A Melbourne CEO took to social media when the US Supreme Court banned abortion but many took offence at her controversial views.
An Australian influencer is causing controversy over a post that conflated abortion rights with the Victorian government’s Covid lockdowns and vaccine mandates.
Melbourne entrepreneur Mia Plecic reacted to Friday’s US Supreme Court decision to overturn abortion rights, saying it is no different to the loss of freedom Australians faced from Covid lockdowns and vaccine mandates.
On Saturday morning AEST, millions of American women lost the legal right to have an abortion after the US Supreme Court overturned a landmark ruling which for nearly half a century had permitted terminations during the first two trimesters of pregnancy.
Roe v Wade, which in 1973 provided the constitutional right to abortions up until foetal viability, was overturned on Friday local time. It is now up to each state to determine whether women can have legal abortions.
It’s sparked a wave of protests across the world and some views that were divisive.
Ms Plecic, 30, took to Instagram to share to her 16,000 followers what she saw as a double standard.
She quoted another user, who wrote: “I’m seeing more opinions from Australians on domestic issues in the US than I ever saw from people in Melbourne (or Australia in general) when Victoria Police were shooting rubber bullets at peaceful protesters last year or when Government-enforced mandates surrounding medical procedure were coming into play, for example
“You want to have a public opinion on human rights, post them all over your stories and look like a hero on social media? Then pick a lane.”
Ms Plecic added: “Why is it ok to be pro choice about one human right but not the other?
“The same people who are against freedom of choice with mandates are the same people who are screaming freedom of choice about abortions.
“It doesn’t work like that. Freedom of choice regardless of your narrative”.
In a follow-up Instagram story, Ms Plecic said she was pro-choice, which she applied to all situations, including vaccines or women’s bodies.
She also claimed more than 500 people had reached out to her to express agreement.
Ms Plecic, who is founder and CEO of Slick Hair Company, told news.com.au: “I’m pro choice. Your body, your choice. Period.”
Ms Plecic’s comments were quickly picked up by Instagram page Aussie Influencer Opinions, which has more than 70,000 followers.
One person jumped onto the comment section, writing: “Yeah it’s totally the same thing because being slightly delayed in when you could go eat in restaurants is definitely the same as being forced to see a pregnancy to term, give birth and then raise the child all while taking on the cost and physical burden of what the pregnancy and delivery and recovery does to your body. Totally the same”.
“Covid is contagious, and pregnancy is not. Simple really,” said another.
“Lost touch with reality,” commented a third person.
Another said: “This is so embarrassing”.
Frustrated Instagram users also commented on Ms Plecic’s previous posts to voice their concerns.
Some replied to her most recent post with clown emojis.
Last year, Ms Plecic she made headlines for her strong anti-lockdown and anti-vaccination stances but ended up issuing an apology over her “political view” after receiving some backlash.
According to her Instagram stories, she attended an anti-lockdown protest and also claimed she would find a “black market doctor” to give her a fake vaccine passport.

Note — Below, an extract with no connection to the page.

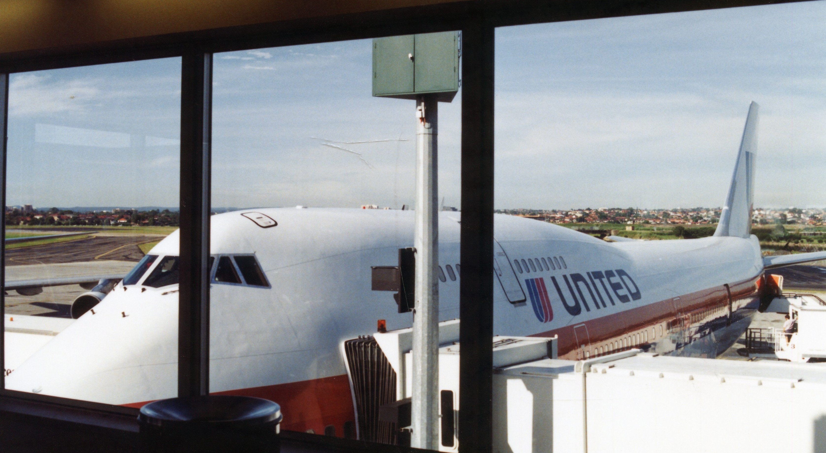 Flying the Friendly Skies with United on the last leg home in 1992.

“What the media won’t show you,” she wrote on Instagram in 2021, according to a screenshot of her among a crowd of protesters. “30k+ Victorians protesting for their rights for freedom.”
In June, she wrote “I’ll pay a black market doctor to sign my ‘covid passport’ if I have to. IDGAF [I don’t give a f**k].
“I’ll go as far as I need. Nobody will bribe me to jab poison in my body in order to be free.”
However, in September last year, she apologised.
“I wanted to quickly come on here and clear a few things up,” she began in her apology video, posted to her Instagram Stories.
“Some allegations were made towards me and my company and I thought it was best to address those publicly.”
She explained how she had voiced her “view and opinion about everything that’s happening in the world” on her Instagram but that it had offended some people.
She says that “in doing that, I realise that I have hurt, harmed and upset a lot of people with my political view.”